Моммзен указывает, что притязания римлян на роль покровителей всех эллинов не были пустой фразой.57) При изучении македонских войн им нарочито затушевывается агрессивный характер римской внешней политики. Моммзен указывал, что все побудительные причины, и политические, и торговые, и моральные, заставили римлян вторично предпринять войну с Филиппом. Эта вторая македонская война, по его мнению, была одной из самых справедливых войн, когда-либо ведённых Римом.58) Одержав победу при Киноскефалах, римляне, с его точки зрения, воспользовались своей властью, не злоупотребляя ею. Для подтверждения своей позиции знаменитый историк использует не только без должной критической оценки тенденциозную направленность источника, но и не совсем доброкачественный нумизматический материал. Это примечательно. Моммзен известен как большой знаток нумизматического дела, но для доказательства своей концепции он не брезгует сравнительно малоценными и сомнительными известиями. В частности, это видно по трактовке статеров с портретом Т. Квинкция Фламинина, победителя македонского царя в 197 г. до н. э. Моммзен полагает, что в выпуске подобных статеров можно усматривать проявление благодарности освобождённых греков счастливому полководцу и великодушному римскому народу.59) Другой авторитетный нумизмат Ленорман опровергает возможность такого толкования статеров и полагает, что их выпуск последовал по инициативе самого Фламинина.60) При такой интерпретации на первый план выступает не благодарность греков римскому военачальнику, а его кичливость победой, которую он одержал над ними. Правда, категорическое решение этого вопроса пока невозможно, хотя, ввиду латинской надписи Т. Quincti, можно отдать предпочтение Ленорману.61)

Не признавая за греками никаких способностей к политической жизни, Моммзен видел в уничтожении греческих городов, в упразднении федеративных союзов римлянами счастье для Греции. Объяснение этому он находит в том, что с римскими мероприятиями прекратились закулисные и пагубные интриги, омуты и бестолковое правление.62) Историк убеждён, что установление провинциальной системы было большим благом для греков. «С введением непосредственного римского управления снова в некоторой степени наступил период мира и благосостояния».63) Всё это не оставляет сомнения в том, что в лице крупного немецкого историка Моммзена мы видим апологета захватнической политики римских рабовладельцев.

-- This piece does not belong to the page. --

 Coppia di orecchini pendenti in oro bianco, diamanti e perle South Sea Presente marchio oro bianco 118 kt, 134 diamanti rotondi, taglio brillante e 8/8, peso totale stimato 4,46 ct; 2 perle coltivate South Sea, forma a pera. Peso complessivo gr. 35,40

В развитии своей концепции Моммзен имел ряд последователей у себя на родине и за её пределами. Так, французский учёный Гастон Буасье указывает, что он много пользовался историей Рима Моммзена. Он не всегда разделял его мнение, но даже в тех местах, где расходился с ним, можно заметить влияние его идей. «В настоящее время, – говорит Буасье, – он учитель всех, изучающих Рим и его историю».64)

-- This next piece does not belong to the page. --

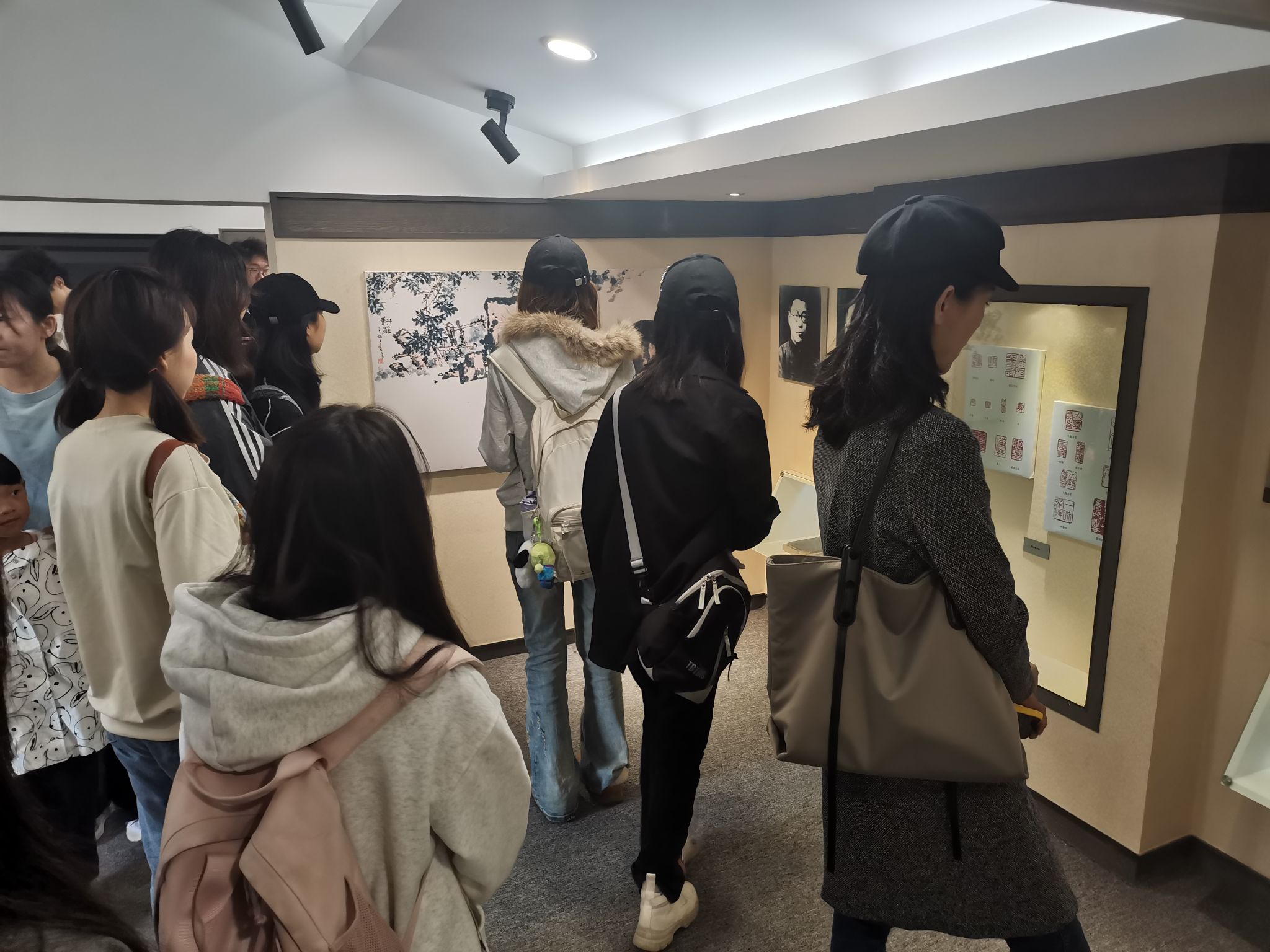 在潘老先生的故居中,同学们穿梭在充满古韵的阁楼里了解了潘老先生从幼儿到暮老,从青萍之末到烈日高阳的的人生历程。走过他的书房,看着他的字迹,凝视着陪他从古自今的器具,恍惚间同学们身上也多了一股水墨的气息,好似更深刻的理解了潘老先生的画作。明白其一笔一划都是学问,半纸半墨皆是奋斗,看懂了潘老先生在那个动荡的年代为国学尤其是国画的出路进行的斗争。

Интересуясь вопросами римской культуры, особенно распространением её влияния на периферии, Буасье высказывает ряд мыслей о жизни провинций, в которых совершенно отчётливо видна его зависимость от моммзеновской романофильской концепции. Буасье придерживается того мнения, что провинции в эпоху империи не страдали от римской эксплуатации, а наоборот, пользовались большим благосостоянием и даже несколько большей свободой.65) Стараясь оправдать римскую провинциальную политику, её агрессивный характер, он доказывает процветание провинций под властью Рима. «Нередко, – пишет он, – провинции рисуются несчастными, трепещущими, униженными своими завоевателями, разорёнными фиском и стонущими от безжалостности проконсулов, но такая картина совершенно фантастична. Напротив, всё, по-видимому, доказывает, что провинции были тогда и богаты и довольны... никогда ещё мир не был, если нельзя сказать, «так счастлив», то так богат: невозможно допустить, чтобы города, у которых хватало финансов, чтобы возводить такие великолепные постройки, были обобраны и доведены до нищеты римскими проконсулами, как это утверждают... Беспощадный во время борьбы, Рим опять становился милостивым после победы, лишь только ему не угрожала опасность».66)

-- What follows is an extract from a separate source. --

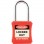 Kompakt, magas biztonsági besorolású lakatok, felhasználóbarát tervezés. Műanyag, gumírozott test a biztonságosabb fogás érdekében. Egyedi kulcsos, 6 csapos precíziós zár, amely nem engedi kiesni a kulcsot amig nem kerül bezárásra. Korróziómentes, szigetelt, szikramentes, ellenáll kémiai anyagoknak. Színkódolt a könnyebb azonosítás végett, vílágító címkével. Külön kulcssal az optimális biztonság érdekében. Minden egyes lakat külön van csomagolva egy kulccsal és egy kulcstartóval. Méretek: Test vastagsága: 25 x 38mm. Lakatfül ámérője x hézag: 6.5 x 38mm.

Останавливаясь на политическом значении апофеоза императоров, Буасье подчеркивает, что культ Рима и Августа был со стороны провинциалов выражением «признательности и покорности попечительному правительству, при котором «всему миру жилось так спокойно».67)

Предвзятая точка зрения романофильских историков на внешнюю политику Рима определила тенденциозность их взглядов на римскую провинциальную систему, в которой Македонии не уделялось должного внимания.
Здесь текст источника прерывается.